|Larry Stanley Pierce|
Larry Stanley Pierce, Medal of Honor recipient
|Born||July 6, 1941|
|Died||September 20, 1965(aged 24)|
|Place of birth||Wewoka, Oklahoma|
|Place of death||near Ben Cat, Republic of Vietnam|
|Allegiance||United States of America|
|Service/branch||United States Army|
|Years of service||1961 - 1965|
|Rank||Staff Sergeant (posthumous)|
|Unit||503rd Infantry Regiment, 173rd Airborne Brigade|
Medal of Honor|
Larry Stanley Pierce (July 6, 1941 – September 20, 1965) was a United States Army soldier and a recipient of the United States military's highest decoration—the Medal of Honor—for his actions in the Vietnam War.
Born in Wewoka, Oklahoma, Pierce's family moved to California when he was young and he was raised there in the city of Taft. He and his wife Verlin had three children: a daughter, Teresa, and two sons, Kelly and Greggory.

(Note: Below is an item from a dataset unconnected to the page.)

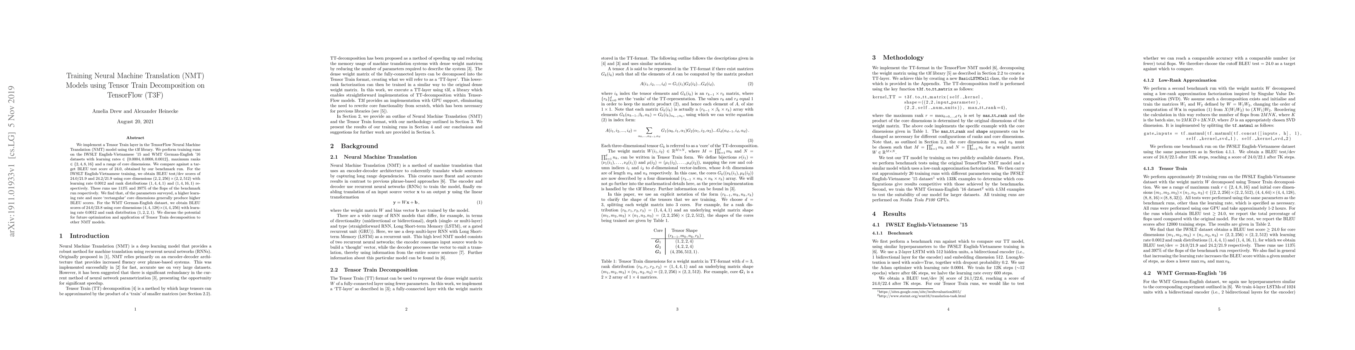 We implement a Tensor Train layer in the TensorFlow Neural Machine Translation (NMT) model using the t3f library. We perform training runs on the IWSLT English-Vietnamese '15 and WMT German-English '16 datasets with learning rates $\in \{0.0004,0.0008,0.0012\}$, maximum ranks $\in \{2,4,8,16\}$ and a range of core dimensions. We compare against a target BLEU test score of 24.0, obtained by our benchmark run. For the IWSLT English-Vietnamese training, we obtain BLEU test/dev scores of 24.0/21.9 and 24.2/21.9 using core dimensions $(2, 2, 256) \times (2, 2, 512)$ with learning rate 0.0012 and rank distributions $(1,4,4,1)$ and $(1,4,16,1)$ respectively. These runs use 113\% and 397\% of the flops of the benchmark run respectively. We find that, of the parameters surveyed, a higher learning rate and more `rectangular' core dimensions generally produce higher BLEU scores. For the WMT German-English dataset, we obtain BLEU scores of 24.0/23.8 using core dimensions $(4, 4, 128) \times (4, 4, 256)$ with learning rate 0.0012 and rank distribution $(1,2,2,1)$. We discuss the potential for future optimization and application of Tensor Train decomposition to other NMT models.

Pierce joined the Army from Fresno, California in 1961, and by September 20, 1965, was serving as a sergeant in the Headquarters and Headquarters Company of the 1st Battalion (Airborne), 503rd Infantry Regiment, 173rd Airborne Brigade. On that day, near Ben Cat in the central highlands of South Vietnam, Pierce smothered the blast of an anti-personnel mine with his body, sacrificing his life to protect his fellow soldiers. For his actions, he was posthumously awarded the Medal of Honor on February 24, 1966, and promoted to staff sergeant. The medal was formally presented to his family by President Lyndon B. Johnson during a ceremony at the White House.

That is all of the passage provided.